Fears are mounting for Britain’s seventh biggest energy firm, Bulb, amid reports it will collapse as early as next week.
The company, which has 1.7 million customers, is the latest to be driven to the brink due to soaring energy costs, which have already forced the closures of 14 suppliers.
And it came as energy regulator Ofgem warned seven other firms may also face action after falling behind on payments required to support the UK’s switch to green energy.
The seven, which serve around 500,000 customers, owe a combined total of £17.9million.
Bulb, which has 1.7 million customers, is being threatened with going bankrupt.
Ampower Energy and Whoop Energy were warned to pay their bills by Monday or risk losing all their licenses.
The other five – Together Energy, MA Energy, Delta Gas and Power, Entice Energy and Neon Reef – could also face further orders.
Bulb’s demise would mark the largest failure to date in the ongoing energy crisis – coming weeks after Avro Energy, which had 580,000 customers, went bust.
Yesterday Bulb announced that it was in talks to secure additional funding to ensure its future.
However hopes are said to be fading, according to Sky News, with ministers, officials and Ofgem representatives allegedly making ‘contingency plans’.

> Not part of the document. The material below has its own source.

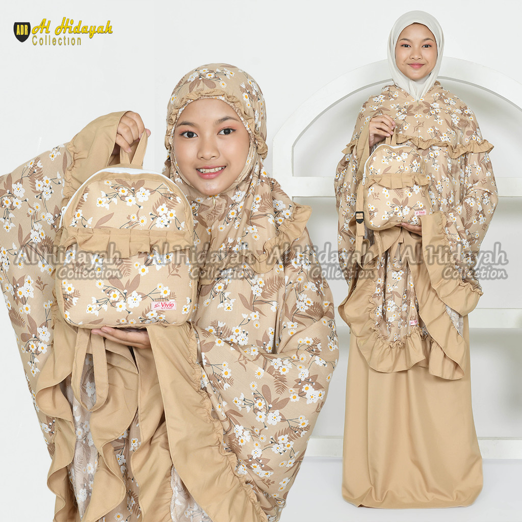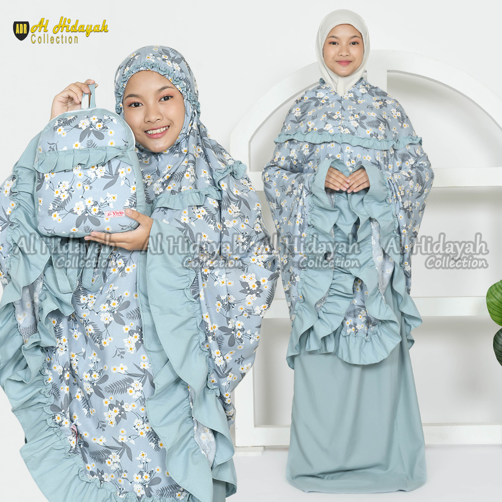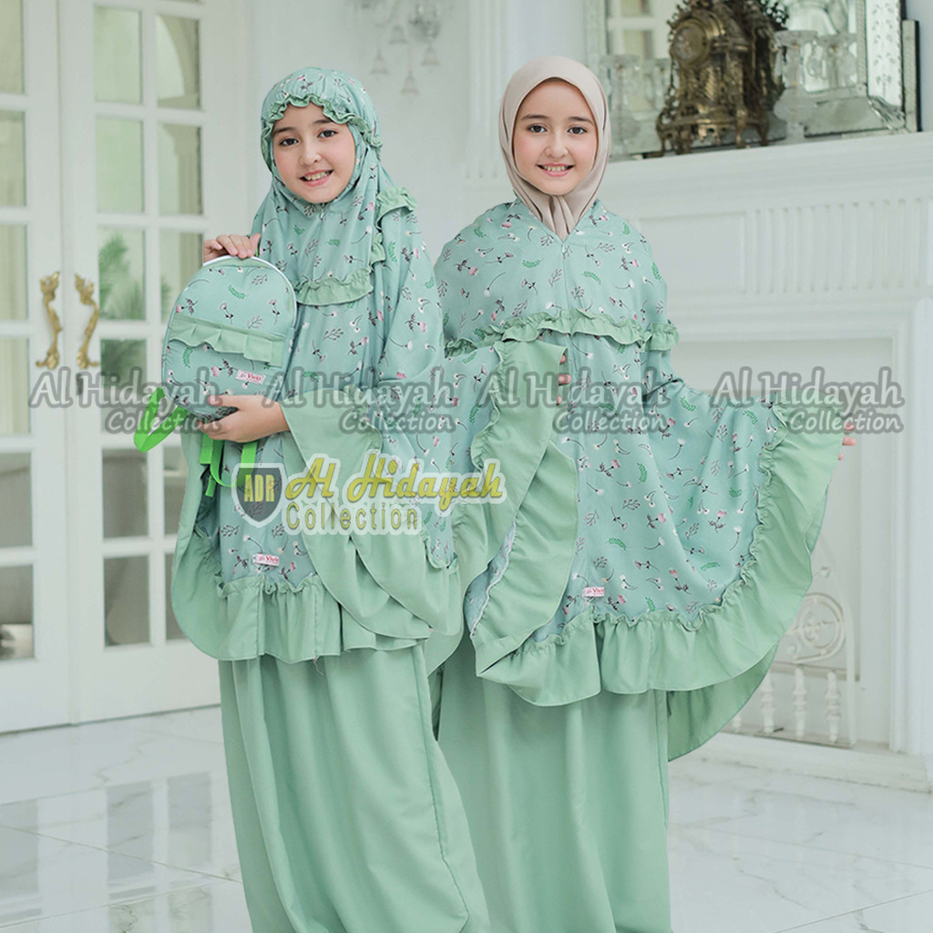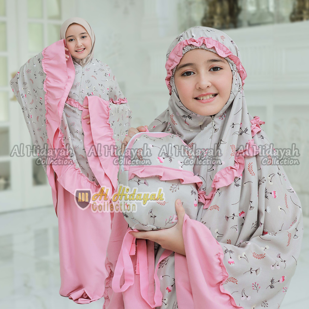 Mukena Anak Tas Ransel Resleting Dagu Rayon Premium Motif Mukenah 2 in 1 TK SD Tanggung 3 4 5 6 7 8 9 10 11 12 13 14 15 Tahun

The crisis comes amid firms’ concerns over the energy price cap, which stops them from passing on a sudden surge in wholesale gale and electricity prices.
Consumers face eye-watering increases to their energy bills in the winter months (stock photo)

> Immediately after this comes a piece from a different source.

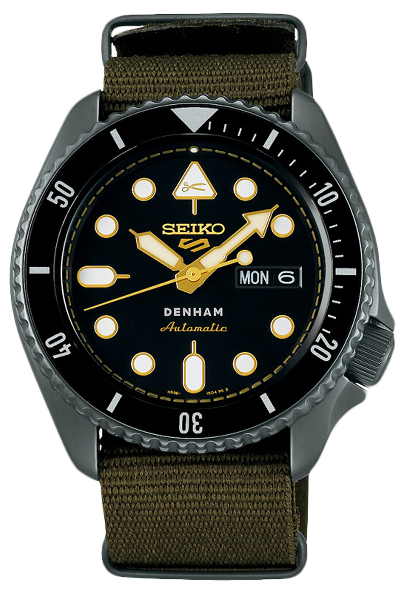 Seiko 5 Sports és a Denham kollab modelljének második kiadása, az SRPL37K1. A koncepció mit sem változott, ha egy egyedi hang a divat világából és a világ egyik legnagyobb óragyártója összefog, abból csak siker lehet, újra. Jason Denham, a cége névadója már 2008 óta készíti saját, egyedi darabjait a “blue jeans”, vagy ahogy mi ismerjük a farmerek világában. Jason Denham jelszava a “Truth is in the details”, vagyis az “Az igazság a részletekben rejlik” A Denham szlogenje akár a Seiko óráira is értelmezhető, hiszen ahogy a minőségi farmereknél, úgy a Seiko óráinál is sokszor a fontos dolgok olyan részletekben bújnak meg, amelyeket a mindennapokban nem is láthatunk, de tudjuk, hogy ott vannak bent a szerkezetekben, kifinomult műszaki megoldásokban. A színösszeállítás kicsit a military stílus felé kacsingat, a sötétszürke bevonatos tokban fekete a számlap és az SKX tokformával járó lünetta betétje is, míg maga az ikonikus formájú tok, a korona és a lünetta is egységesen “gunmetal”, vagyis fegyverszürke színben játszik, ahogy a katonai zöld színű szövet szíj csatja és bújtatói is.A fekete és szürke szigorú egységét arany színű részletek törik meg, a jellegzetes formájú indexek és mutatók arannyal keretezik a Lumibrite fehér színű festést, amely hosszan foszforeszkál a sötétben.Az arany részletek feltűnnek még a fejre fordított 12-es indexben is, ahol a Denham olló logóját találjuk, de arany színű a Seiko 5 Sports logó és az “Automatic” felirat is, amely hat óránál, a Denham logó alatt kapott helyet. A Denham kollab modellek egyik jellegzetes eleme a számlapgyűrű arany színű “varrása”, amely körülöleli a számlapot, és persze a farmerek díszítésére utal. A logó számtalan helyen tűnik még fel, megtaláljuk a koronában és az üveg hátlapon, ahol a farmermárka szlogenje, a “Truth is in the details” is - talán éppen azért, mert ez az üveglap rejti a fontos részleteket odabent. A limitált kiadású modell mindössze 2000 darabban készült és Boutique Exkluzív modell és saját díszdobozt is kapott.

The cap rose to £1,277 earlier this month – an annual rise of £139.
The Government has backed the price cap, insisting it is a vital consumer protection that could prevent households from paying as much as £2,000.
Ofgem stated yesterday however that it is ready to examine how it works.
Currently, the figure changes just twice a year – April and October – but this be could be increased to every three months to better reflect price volatility.
Bulb claims to be a green energy supplier but it is not immune from the price rise in fossil fuels.
All of the firm’s electricity comes from renewable sources such as windfarms but it also buys natural gas on the wholesale market, offsetting the carbon emissions by supporting eco-projects, such as planting trees.
Bulb is being considered by potential buyers from Ovo Energy and Octopus Energy, which are rival suppliers.
However, if rescue negotiations fail, it will have to close down and all its customers will be switched over to a new supplier.
Bulb’s demise would mark the largest failure to date in the ongoing energy crisis – coming weeks after Avro Energy, which had 580,000 customers, went bust (stock image)
Bulb stated that a slight fall in wholesale prices over the past few days had provided some relief.
However, yesterday’s gas price was 177p per therm (versus 50p in April).
A Bulb spokesman said discussions were ‘making good progress;, however it added that it expected the Government to ‘monitor’ the effect on the industry.
Writing to suppliers yesterday, an Ofgem spokesman acknowledged that the ‘unprecedented rise’ in energy prices had ‘changed the perception of risk and uncertainty in the market’.
It added: ‘In order to protect the interests of consumers, we must ensure that the regulatory frameworks, including the price cap, fully reflect the costs, risks and uncertainties facing the supply companies we regulate.’